Roam Free, Bessie: Startup Creates Leather in the Lab

With the global demand for leather up while supply is down, this product could be popular with others besides vegans and cows. Mark Hoffler/EyeEm/Getty Images

If you love the look and feel of a soft leather clutch but can't stomach the thought of cow suffering, take heart: A no-slaughter leather company has just secured more than $53 million in funding. Startup Modern Meadow grows collagen in labs using living cells, which they'll then turn into different types of leather hides. Collagen is the fundamental protein found in all types of animal skins.

Modern Meadow calls its process of creating a leather "hide" from collagen "biofabrication." The company starts off with skin cells from an animal and edits the cell DNA to manufacture the type of collagen that is needed.

"We can produce cow collagen, alligator collagen — any kind of collagen using the toolkit of biotechnology," co-founder and CEO Andras Forgacs told Tech Insider.

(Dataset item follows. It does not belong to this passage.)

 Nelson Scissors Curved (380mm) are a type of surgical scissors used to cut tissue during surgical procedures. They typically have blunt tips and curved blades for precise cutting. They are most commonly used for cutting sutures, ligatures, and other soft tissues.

The cells multiply and create collagen molecules that form into networks of fibers. Using some proprietary techniques, the company is able to turn the fibers into hides, which are tanned and finished in an environmentally friendly process. The result is pain-free leather products that are the biological equivalent of authentic hides, and hopefully a significant improvement over other synthetic leather alternatives.

Besides diverting animals from slaughterhouse to pasture, the technology aims to dramatically improve the ecological impact of the leather industry. Tanning hides requires toxic chemicals, and Modern Meadow say its tanning techniques use 80 percent less of those than traditional leather tanning does.

The company's also looking to reduce leather waste, a frequent problem thanks to naturally occurring imperfections and scraps rendered unusable once the desired shape is cut out. (Some 30-50 percent of leather is wasted.) Modern Meadow's technology should eliminate this waste because the company will be able to manufacture according to desired size specifications. With the global demand for leather up and supply down, there could be a big market for this product beyond vegans.